• _Data section_:
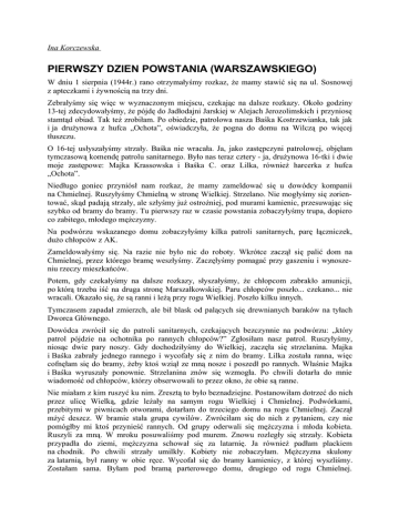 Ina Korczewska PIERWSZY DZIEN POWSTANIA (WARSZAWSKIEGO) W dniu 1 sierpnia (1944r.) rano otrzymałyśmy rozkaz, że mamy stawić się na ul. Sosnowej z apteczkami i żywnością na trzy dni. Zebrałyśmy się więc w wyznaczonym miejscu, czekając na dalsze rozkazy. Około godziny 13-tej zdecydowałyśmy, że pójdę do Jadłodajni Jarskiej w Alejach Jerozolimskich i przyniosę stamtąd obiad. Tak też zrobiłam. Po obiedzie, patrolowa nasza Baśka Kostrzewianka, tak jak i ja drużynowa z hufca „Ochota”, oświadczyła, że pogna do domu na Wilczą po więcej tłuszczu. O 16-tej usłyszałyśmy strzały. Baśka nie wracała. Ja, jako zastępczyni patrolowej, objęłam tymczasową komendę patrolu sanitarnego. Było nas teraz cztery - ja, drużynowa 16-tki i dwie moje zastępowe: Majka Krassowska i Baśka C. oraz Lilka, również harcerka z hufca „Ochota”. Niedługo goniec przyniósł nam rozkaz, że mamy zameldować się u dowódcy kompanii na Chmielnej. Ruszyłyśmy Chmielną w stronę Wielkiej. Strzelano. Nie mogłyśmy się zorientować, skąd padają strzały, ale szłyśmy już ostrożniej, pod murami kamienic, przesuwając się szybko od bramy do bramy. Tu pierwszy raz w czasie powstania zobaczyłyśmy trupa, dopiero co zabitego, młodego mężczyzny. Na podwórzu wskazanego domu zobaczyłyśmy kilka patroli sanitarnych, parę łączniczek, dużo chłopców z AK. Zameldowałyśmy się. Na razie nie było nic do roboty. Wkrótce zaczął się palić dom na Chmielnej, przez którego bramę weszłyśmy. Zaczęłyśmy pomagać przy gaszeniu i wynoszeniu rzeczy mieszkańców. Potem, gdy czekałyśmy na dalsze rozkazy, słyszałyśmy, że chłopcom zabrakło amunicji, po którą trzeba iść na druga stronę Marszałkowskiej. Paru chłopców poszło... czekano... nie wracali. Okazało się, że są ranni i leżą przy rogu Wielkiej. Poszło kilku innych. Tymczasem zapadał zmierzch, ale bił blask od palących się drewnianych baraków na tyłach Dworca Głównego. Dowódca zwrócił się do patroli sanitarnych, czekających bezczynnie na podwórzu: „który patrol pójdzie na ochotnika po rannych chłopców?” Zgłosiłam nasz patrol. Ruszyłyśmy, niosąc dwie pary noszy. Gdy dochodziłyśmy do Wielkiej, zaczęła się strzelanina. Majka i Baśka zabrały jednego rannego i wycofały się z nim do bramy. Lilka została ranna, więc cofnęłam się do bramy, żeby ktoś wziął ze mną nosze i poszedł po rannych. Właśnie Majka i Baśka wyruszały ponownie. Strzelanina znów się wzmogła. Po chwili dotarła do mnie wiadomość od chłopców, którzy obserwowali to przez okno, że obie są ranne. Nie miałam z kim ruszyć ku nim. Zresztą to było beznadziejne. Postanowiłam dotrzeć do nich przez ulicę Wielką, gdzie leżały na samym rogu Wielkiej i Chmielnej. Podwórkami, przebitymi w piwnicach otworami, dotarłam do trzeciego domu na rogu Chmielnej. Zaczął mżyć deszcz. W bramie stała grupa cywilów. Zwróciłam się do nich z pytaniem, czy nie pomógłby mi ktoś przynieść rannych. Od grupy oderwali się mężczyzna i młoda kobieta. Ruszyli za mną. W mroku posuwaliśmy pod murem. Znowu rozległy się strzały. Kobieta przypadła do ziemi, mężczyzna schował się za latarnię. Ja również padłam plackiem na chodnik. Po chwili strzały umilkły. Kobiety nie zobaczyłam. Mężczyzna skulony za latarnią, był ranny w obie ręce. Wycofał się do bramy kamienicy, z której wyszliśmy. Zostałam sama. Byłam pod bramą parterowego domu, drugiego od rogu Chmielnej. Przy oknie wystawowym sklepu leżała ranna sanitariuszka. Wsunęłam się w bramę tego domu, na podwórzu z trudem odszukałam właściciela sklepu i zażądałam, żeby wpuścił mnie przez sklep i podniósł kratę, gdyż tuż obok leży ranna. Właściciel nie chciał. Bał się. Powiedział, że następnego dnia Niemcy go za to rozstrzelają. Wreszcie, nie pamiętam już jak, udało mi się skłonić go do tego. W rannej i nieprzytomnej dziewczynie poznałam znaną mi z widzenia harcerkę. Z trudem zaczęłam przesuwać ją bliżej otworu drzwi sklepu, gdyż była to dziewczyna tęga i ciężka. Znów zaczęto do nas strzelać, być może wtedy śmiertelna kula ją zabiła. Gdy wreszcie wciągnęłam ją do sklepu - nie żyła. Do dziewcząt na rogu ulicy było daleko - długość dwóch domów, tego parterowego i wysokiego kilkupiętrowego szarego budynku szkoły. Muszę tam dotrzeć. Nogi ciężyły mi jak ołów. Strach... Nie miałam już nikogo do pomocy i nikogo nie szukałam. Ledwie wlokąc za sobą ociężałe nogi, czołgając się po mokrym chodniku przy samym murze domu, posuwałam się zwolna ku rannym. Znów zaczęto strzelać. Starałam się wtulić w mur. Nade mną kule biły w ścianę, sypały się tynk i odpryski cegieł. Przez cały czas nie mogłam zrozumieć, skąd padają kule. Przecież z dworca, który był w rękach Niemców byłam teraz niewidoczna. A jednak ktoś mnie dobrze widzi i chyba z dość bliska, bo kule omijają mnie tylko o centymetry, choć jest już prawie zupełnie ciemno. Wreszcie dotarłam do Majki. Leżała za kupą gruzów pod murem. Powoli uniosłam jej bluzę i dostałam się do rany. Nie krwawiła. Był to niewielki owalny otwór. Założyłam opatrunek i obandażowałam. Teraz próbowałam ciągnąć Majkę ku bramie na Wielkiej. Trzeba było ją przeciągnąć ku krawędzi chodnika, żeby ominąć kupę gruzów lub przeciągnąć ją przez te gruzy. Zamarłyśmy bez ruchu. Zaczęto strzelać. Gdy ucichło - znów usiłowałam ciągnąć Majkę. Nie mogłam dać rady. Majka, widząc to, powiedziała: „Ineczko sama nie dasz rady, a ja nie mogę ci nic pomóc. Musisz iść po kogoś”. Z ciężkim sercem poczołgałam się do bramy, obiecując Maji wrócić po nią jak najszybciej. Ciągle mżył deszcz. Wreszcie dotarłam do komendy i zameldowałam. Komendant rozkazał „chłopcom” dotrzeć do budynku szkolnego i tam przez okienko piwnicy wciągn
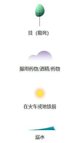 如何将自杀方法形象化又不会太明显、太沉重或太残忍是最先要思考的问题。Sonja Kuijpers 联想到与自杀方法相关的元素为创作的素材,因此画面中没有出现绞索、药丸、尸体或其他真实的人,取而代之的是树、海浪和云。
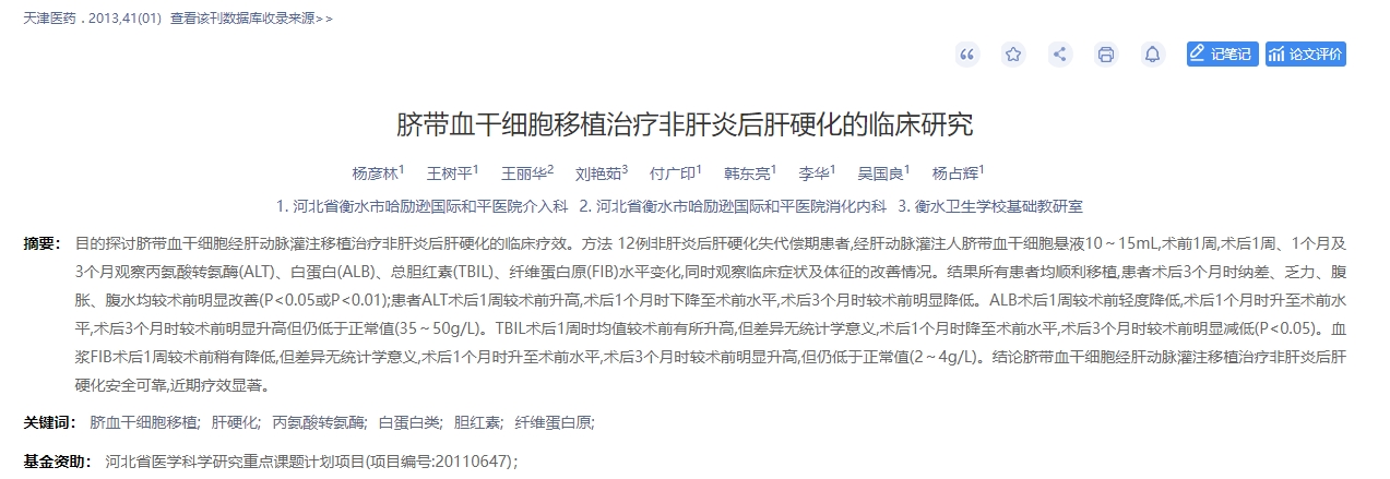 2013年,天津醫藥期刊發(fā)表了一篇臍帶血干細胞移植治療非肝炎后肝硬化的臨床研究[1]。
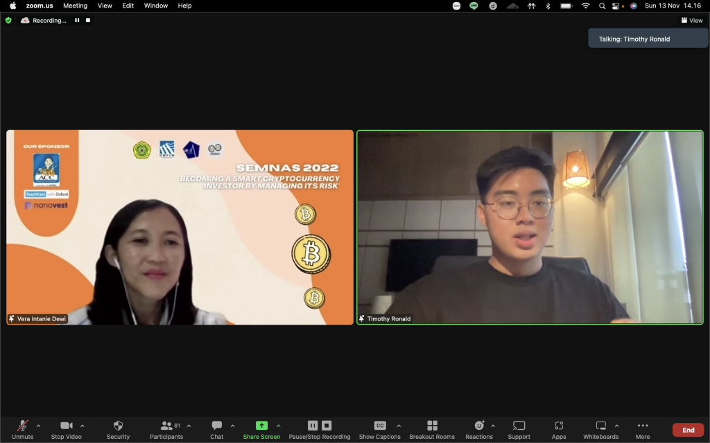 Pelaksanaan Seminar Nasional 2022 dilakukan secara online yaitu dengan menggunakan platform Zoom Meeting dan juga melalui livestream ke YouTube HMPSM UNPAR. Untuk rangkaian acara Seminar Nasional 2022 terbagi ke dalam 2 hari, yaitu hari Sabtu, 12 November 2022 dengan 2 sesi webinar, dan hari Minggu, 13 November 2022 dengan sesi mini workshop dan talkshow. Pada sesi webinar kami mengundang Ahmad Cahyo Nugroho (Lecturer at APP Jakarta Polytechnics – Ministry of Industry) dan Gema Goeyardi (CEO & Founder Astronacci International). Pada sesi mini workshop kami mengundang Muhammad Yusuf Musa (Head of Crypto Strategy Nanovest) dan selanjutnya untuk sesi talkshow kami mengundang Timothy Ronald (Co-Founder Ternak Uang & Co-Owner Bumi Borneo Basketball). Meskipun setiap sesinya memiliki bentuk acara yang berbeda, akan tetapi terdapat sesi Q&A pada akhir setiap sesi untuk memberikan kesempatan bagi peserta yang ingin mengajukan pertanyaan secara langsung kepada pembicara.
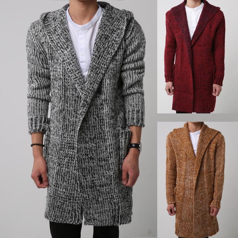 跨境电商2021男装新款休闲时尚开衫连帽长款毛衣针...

==

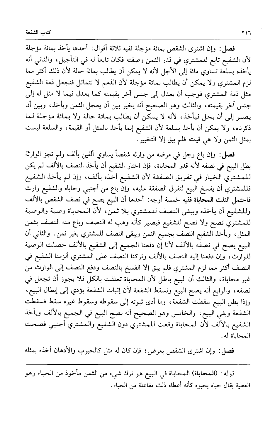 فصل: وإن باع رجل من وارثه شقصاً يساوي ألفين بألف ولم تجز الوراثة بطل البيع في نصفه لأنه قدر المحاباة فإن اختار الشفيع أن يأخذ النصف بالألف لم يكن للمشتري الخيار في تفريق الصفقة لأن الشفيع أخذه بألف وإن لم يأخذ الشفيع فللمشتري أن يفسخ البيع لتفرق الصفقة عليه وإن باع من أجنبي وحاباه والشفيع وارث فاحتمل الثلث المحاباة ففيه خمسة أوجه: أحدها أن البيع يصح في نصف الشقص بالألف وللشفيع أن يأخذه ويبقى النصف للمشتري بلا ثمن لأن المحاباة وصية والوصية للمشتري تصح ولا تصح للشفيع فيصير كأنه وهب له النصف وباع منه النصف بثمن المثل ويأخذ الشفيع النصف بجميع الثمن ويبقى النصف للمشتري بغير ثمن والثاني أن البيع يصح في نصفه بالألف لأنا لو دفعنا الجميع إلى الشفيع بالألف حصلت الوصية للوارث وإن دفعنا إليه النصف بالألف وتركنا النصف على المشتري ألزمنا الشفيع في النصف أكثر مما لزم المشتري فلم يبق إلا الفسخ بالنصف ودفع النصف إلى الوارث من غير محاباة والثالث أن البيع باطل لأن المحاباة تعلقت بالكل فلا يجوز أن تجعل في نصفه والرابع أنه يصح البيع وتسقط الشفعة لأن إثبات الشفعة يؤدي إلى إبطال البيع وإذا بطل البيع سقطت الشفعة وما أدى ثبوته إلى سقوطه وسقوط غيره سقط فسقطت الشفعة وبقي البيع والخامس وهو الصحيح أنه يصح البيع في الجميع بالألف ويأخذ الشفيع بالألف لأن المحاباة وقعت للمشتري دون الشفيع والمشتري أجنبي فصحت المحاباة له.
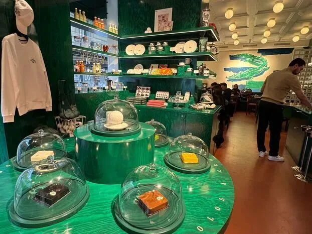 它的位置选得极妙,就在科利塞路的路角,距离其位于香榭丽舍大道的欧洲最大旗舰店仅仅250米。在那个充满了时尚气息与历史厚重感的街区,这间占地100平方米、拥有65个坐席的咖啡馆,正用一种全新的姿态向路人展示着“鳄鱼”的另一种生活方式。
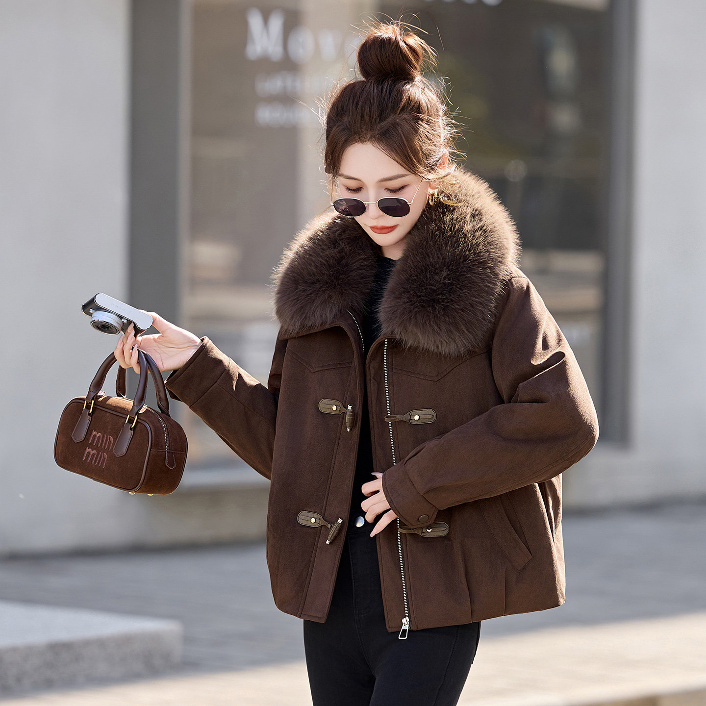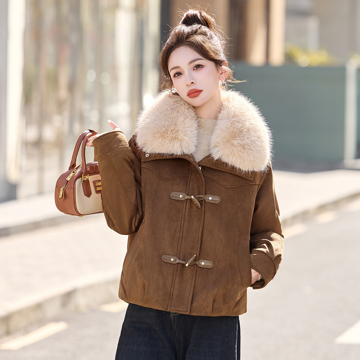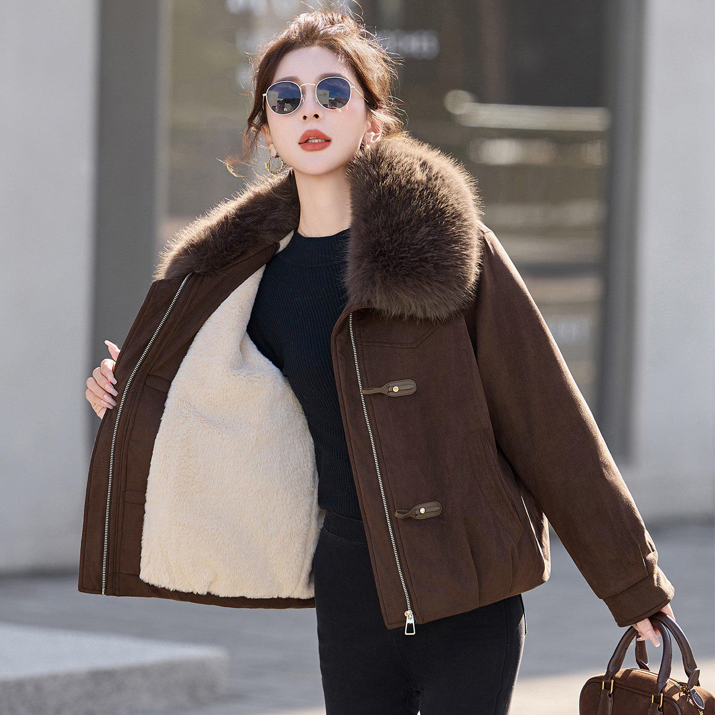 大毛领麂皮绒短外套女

• _Assignment_: What should come back is an exact copy of the lines above from the line with "Pelaksanaan Seminar Nasional" to the line with "跨境电商2021男装新款休闲时尚开衫连帽长款毛衣针...", both included, minus the pictures.

• _Solution_:
 Pelaksanaan Seminar Nasional 2022 dilakukan secara online yaitu dengan menggunakan platform Zoom Meeting dan juga melalui livestream ke YouTube HMPSM UNPAR. Untuk rangkaian acara Seminar Nasional 2022 terbagi ke dalam 2 hari, yaitu hari Sabtu, 12 November 2022 dengan 2 sesi webinar, dan hari Minggu, 13 November 2022 dengan sesi mini workshop dan talkshow. Pada sesi webinar kami mengundang Ahmad Cahyo Nugroho (Lecturer at APP Jakarta Polytechnics – Ministry of Industry) dan Gema Goeyardi (CEO & Founder Astronacci International). Pada sesi mini workshop kami mengundang Muhammad Yusuf Musa (Head of Crypto Strategy Nanovest) dan selanjutnya untuk sesi talkshow kami mengundang Timothy Ronald (Co-Founder Ternak Uang & Co-Owner Bumi Borneo Basketball). Meskipun setiap sesinya memiliki bentuk acara yang berbeda, akan tetapi terdapat sesi Q&A pada akhir setiap sesi untuk memberikan kesempatan bagi peserta yang ingin mengajukan pertanyaan secara langsung kepada pembicara.
 跨境电商2021男装新款休闲时尚开衫连帽长款毛衣针...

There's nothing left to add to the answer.